* **Instructions for the task**: Nothing outside the stretch is wanted. Repeat exactly the lines of the listing below from the one that contains "Jeg nævnte tidligere" through the one that contains "- Kathi Rolls: Explore", both ends included.

* **Material shown**:
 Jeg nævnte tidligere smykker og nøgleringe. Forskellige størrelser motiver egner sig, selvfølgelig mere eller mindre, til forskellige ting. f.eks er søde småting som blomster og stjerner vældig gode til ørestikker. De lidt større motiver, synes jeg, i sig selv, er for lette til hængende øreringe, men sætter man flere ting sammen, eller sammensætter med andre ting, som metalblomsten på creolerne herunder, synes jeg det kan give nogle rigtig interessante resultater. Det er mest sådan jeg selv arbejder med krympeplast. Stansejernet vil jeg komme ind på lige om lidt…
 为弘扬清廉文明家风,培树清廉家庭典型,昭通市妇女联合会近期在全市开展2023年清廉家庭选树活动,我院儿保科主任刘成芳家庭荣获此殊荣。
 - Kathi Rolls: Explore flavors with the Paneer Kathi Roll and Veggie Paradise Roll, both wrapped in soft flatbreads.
--
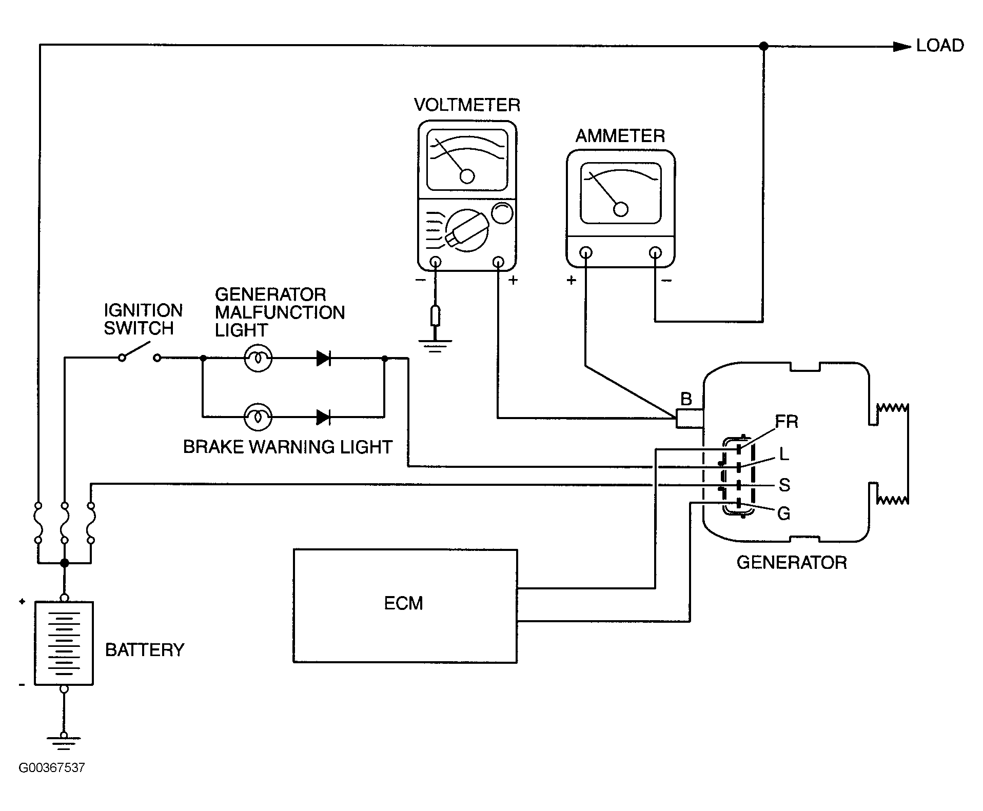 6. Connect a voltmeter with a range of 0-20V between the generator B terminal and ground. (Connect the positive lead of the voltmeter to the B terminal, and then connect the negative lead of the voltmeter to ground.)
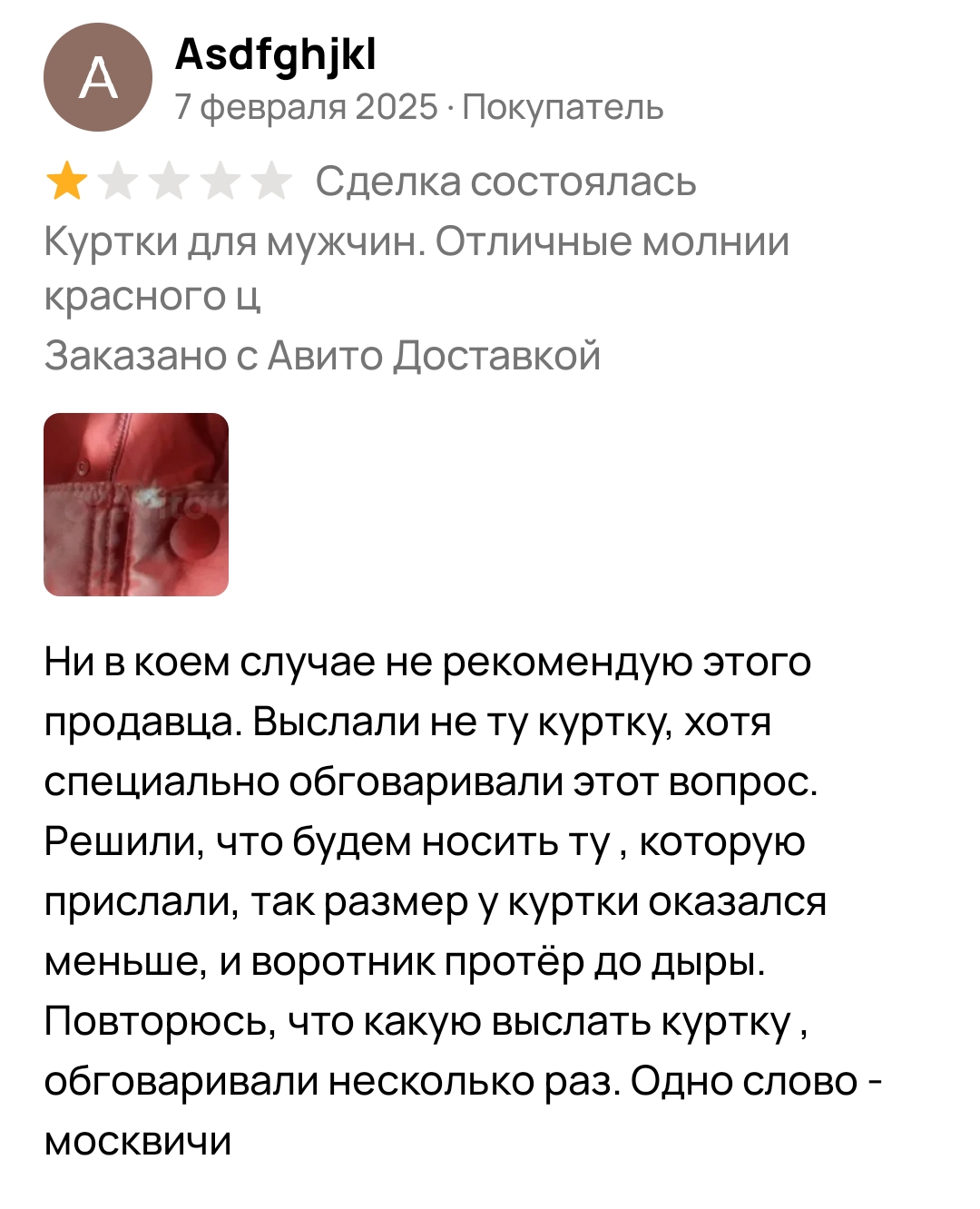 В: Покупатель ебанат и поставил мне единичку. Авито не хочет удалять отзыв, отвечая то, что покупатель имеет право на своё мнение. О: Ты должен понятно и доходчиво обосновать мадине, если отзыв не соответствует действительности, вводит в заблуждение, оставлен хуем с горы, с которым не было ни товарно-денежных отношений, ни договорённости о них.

* **Result**:
 Jeg nævnte tidligere smykker og nøgleringe. Forskellige størrelser motiver egner sig, selvfølgelig mere eller mindre, til forskellige ting. f.eks er søde småting som blomster og stjerner vældig gode til ørestikker. De lidt større motiver, synes jeg, i sig selv, er for lette til hængende øreringe, men sætter man flere ting sammen, eller sammensætter med andre ting, som metalblomsten på creolerne herunder, synes jeg det kan give nogle rigtig interessante resultater. Det er mest sådan jeg selv arbejder med krympeplast. Stansejernet vil jeg komme ind på lige om lidt…
 为弘扬清廉文明家风,培树清廉家庭典型,昭通市妇女联合会近期在全市开展2023年清廉家庭选树活动,我院儿保科主任刘成芳家庭荣获此殊荣。
 - Kathi Rolls: Explore flavors with the Paneer Kathi Roll and Veggie Paradise Roll, both wrapped in soft flatbreads.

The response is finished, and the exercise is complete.